The fix was to make the prompt explicit: enumerate the allowed predicates, specify the output structure, validate each candidate independently. The deployed trace now shows the full lifecycle on session close, so the write path isn't a claim, it's visible.

The lesson isn't "we had a bug." It's that a test double let the most important mechanism in the product stay green and hollow. Testing against a stand-in for the model tests your code against your own assumptions about the model. The only thing that catches the gap between those assumptions and reality is running the real thing and watching what it does.

Two more that mattered.

Tenant isolation: facts are scoped to one customer and must never cross that boundary; we found a path where the read boundary held but the write path didn't enforce the same invariant, and fixed it by enforcing customer scope on every path that touches the store, verified against the write path directly rather than assuming a safe read implied a safe write. A memory leak is worse than an ordinary data leak, because the agent doesn't just reveal a wrong fact, it may act on it.

Recall honesty: the interface signals recall by lighting up the facts the agent used, and we found a path where that signal could come from presentation state rather than the actually-cited facts. A memory system that fakes the appearance of recall is worse than one that doesn't recall, because it trains the user to trust evidence that isn't evidence. We tied the signal to the real cited-facts payload: if the data doesn't back the claim, the interface doesn't make it.

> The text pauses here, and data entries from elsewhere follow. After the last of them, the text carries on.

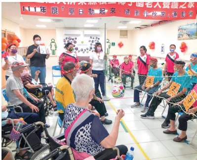
▲ 中高齡員工設計長輩運動會活動

椰子園積極聘用中高齡員工加入照護行列，也為中高齡者量身打造職能提升教育、退休準備課程，推動彈性上班工時、優質員工選拔表揚、環境空間再設計及人體工學設施設備擴充，運用自身長照一條龍服務之資源優勢，打造多元的中高齡就業方式，營造一個讓員工無後顧之憂的友善職場，讓中高齡及高齡者職涯光芒再現。
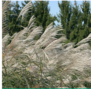
Miscanthus sinensis 'Silberfeder'
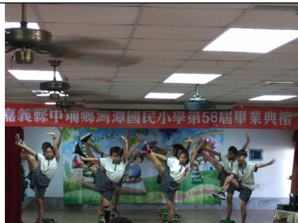
第 58 屆畢業典禮-表演節目
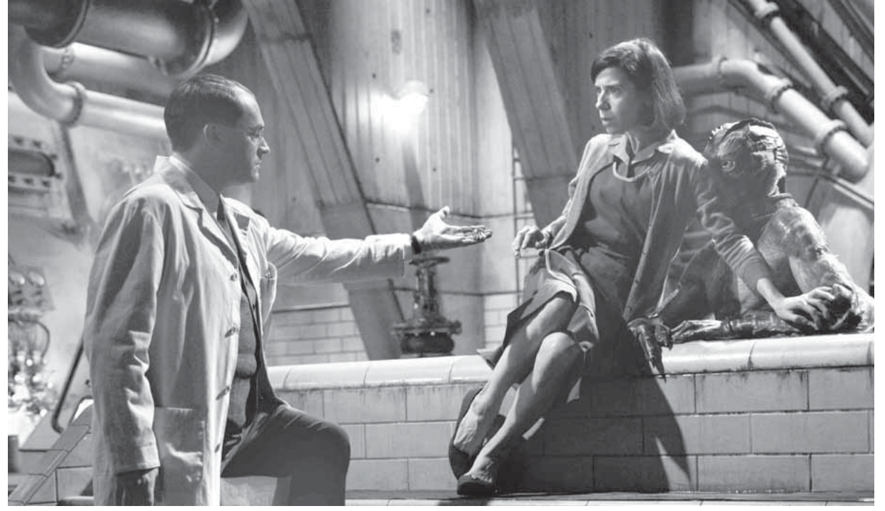
مشهد من فيلم «شكل الماء»
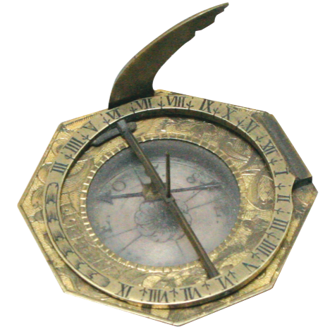
И. Г. Фоглер Универсальные равноденственные солнечные часы с компасом Германия. Первая четверть XVIII века
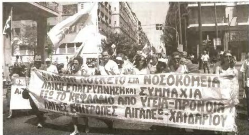
Από παλιότερη κινητοποίηση με αιχμή τα ζητήματα της Υγείας

Παρεμβαίνοντας χτες στην Επιτροπή της Βουλής, ο εισηγητής του ΚΚΕ Γ. Λαμπρούλης ανέφερε, μεταξύ άλλων: «Το συγκεκριμένο νομοσχέδιο και όλα τα μέτρα που παίρ-
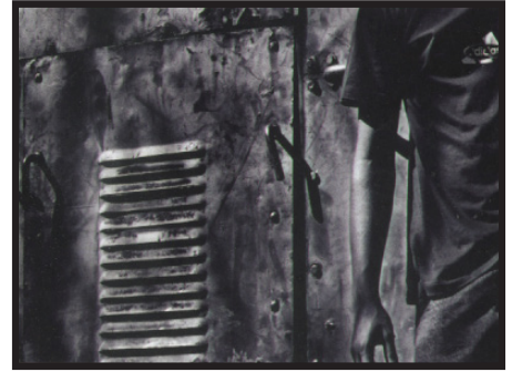
විහාරමහාදේවී තරගයේ සහ ශ්‍රී ලංකන් ෆෝටෝ ලවර්ස් ඔන්ද ස්පෝට් තරගයේ ප්‍රථම ස්ථානය දිනූ විරාජ් ලියනාරච්චිගේ (5118) ඡායාරූපය
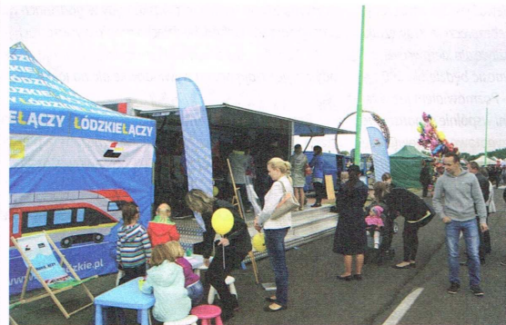
Stoisko ŁKA na Dniach Ozorkowa 2015

Pasażerowie, korzystający regularnie nie tylko z pociągów ŁKA, ale też ze składów Przewozów Regionalnych i tramwajów i autobusów m.in. w Zgierzu i Łodzi, mogą zakupić miesięczny bilet aglomeracyjny. Jego koszt to 240 zł normalny i 120 zł ulgowy. ID
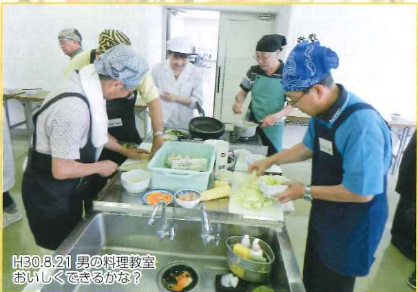
H30.8.21 男の料理教室 おいしくできるかな?
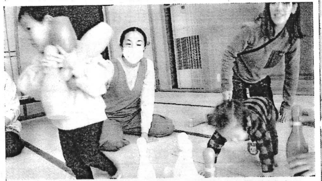
11/22 全員輪になり中でボールをころころ遊びました
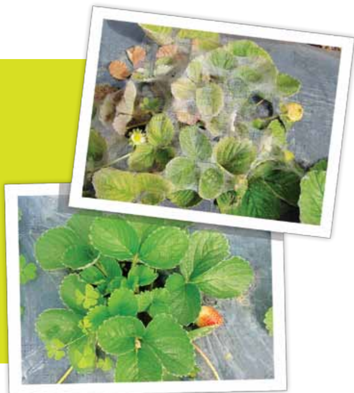
Sintoma de ataque de ácaro-rajado em morangueiro

O ácaro-rajado, Tetranychus urticae , é considerado um dos ácaros-praga de maior importância econômica, causando consideráveis prejuízos em diversas culturas, como algodão, feijão, mamão, morango, pêsego, soja, tomate e ornamentais.
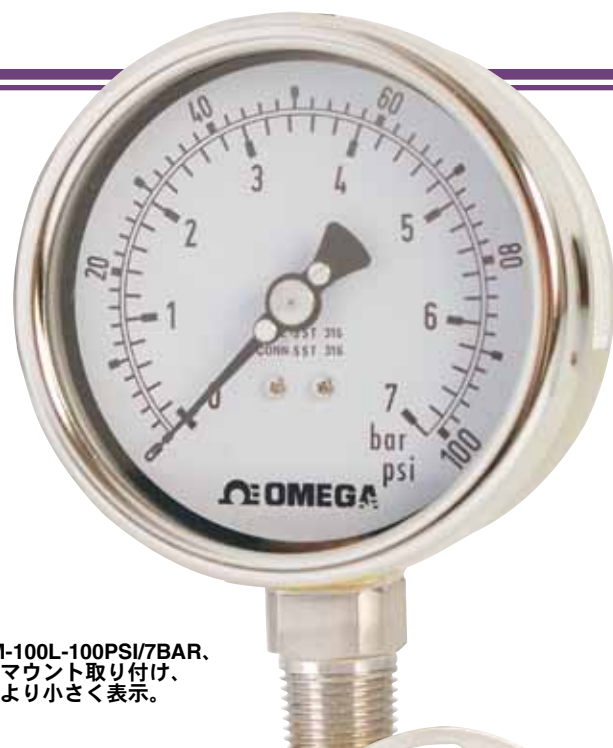
PGM-100L-100PSI/7BAR. 下部マウント取り付け、 実物より小さく表示。
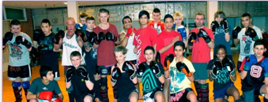
Med støtte fra Skanderborg kommune, åbnede bokseklubben Colosseum i nye lokaler d. 8. august 2011, i MB Hallen.
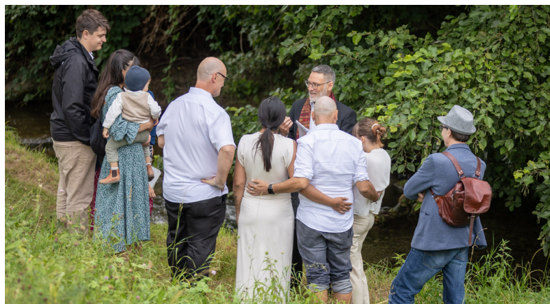
Openair-Taufe an der Eulach anlässlich des Tauffestes 2024.
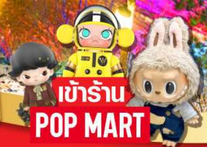
★ เข้าร้าน POP MART
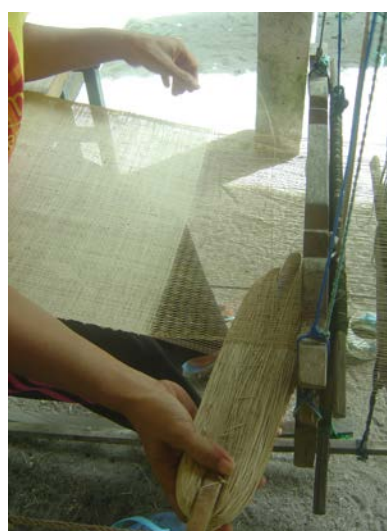
ภาพที่ ๑๗ การทอเส้นลาน (วะ)
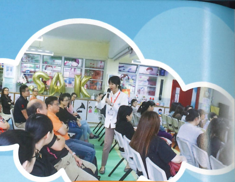
家長樂於分享在家中教養孩子的經驗。
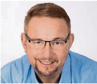
Liebe Mitbürgerinnen und Mitbürger,

Tage mit wärmenden Sonnenstrahlen locken uns alle verstärkt ins Freie. Mit allen Sinnen nehmen wir das Erwachen des Frühlings wahr. Obwohl wir einen milden Winter erleben durften, tut jeder Tag mit warmen Temperaturen Mensch und Natur gut. Die Tage werden länger, erstes Grün auf Bäumen und Sträuchern spitzt hervor, und schon am frühen Morgen begrüßen uns wieder zahlreiche Vogelstimmen.

What Production Would Actually Require

What we built proves the mechanism. A real enterprise deployment would still have to solve four things we deliberately scoped out.

Production would require four upgrades:

  1. Stronger forgetting. Facts here have provenance, validity, and supersession — enough to show memory can stay current. Production needs conflict resolution when two sources disagree with no clear recency winner, confidence decay for facts that were true once and quietly stopped being, and a human-auditable trail for why a fact was forgotten, because in support a wrongly-forgotten fact is a customer-facing failure someone has to explain.

  2. Async promotion. We distill inline on session close, which is right for a demo and wrong for scale. Production distills asynchronously, batches across concurrent sessions, retries safely, and routes untrusted distillation output to a reviewable dead-letter path instead of dropping it.

  3. Structural isolation. It's not enough to remember to check customer scope on every path. A boundary maintained by discipline is a boundary that eventually leaks. Production multi-tenancy should make cross-customer recall structurally impossible at the storage and query layer.

  4. Operational telemetry. We measure the thing that proves the thesis. A real support org also needs recall precision and latency in the live path, distillation quality sampling, fact-drift detection, and alerts when a customer's memory no longer matches what they'd recognize as true. The measurement we have proves the claim. It's not enough to operate the system.

None of this is a disclaimer. It's the real-world shape of the problem, and naming it is the difference between a demo that claims to be production-ready and a system that knows what production would still cost.


Why This Matters Beyond Support

Never Ask Twice is a support demo, but the underlying pattern is broader: scoped facts, provenance, expiry, supersession, and visible recall for AI systems that act across time. That is the memory layer Marcelle Labs is exploring through Vreko — not agents that remember everything, but systems that remember responsibly.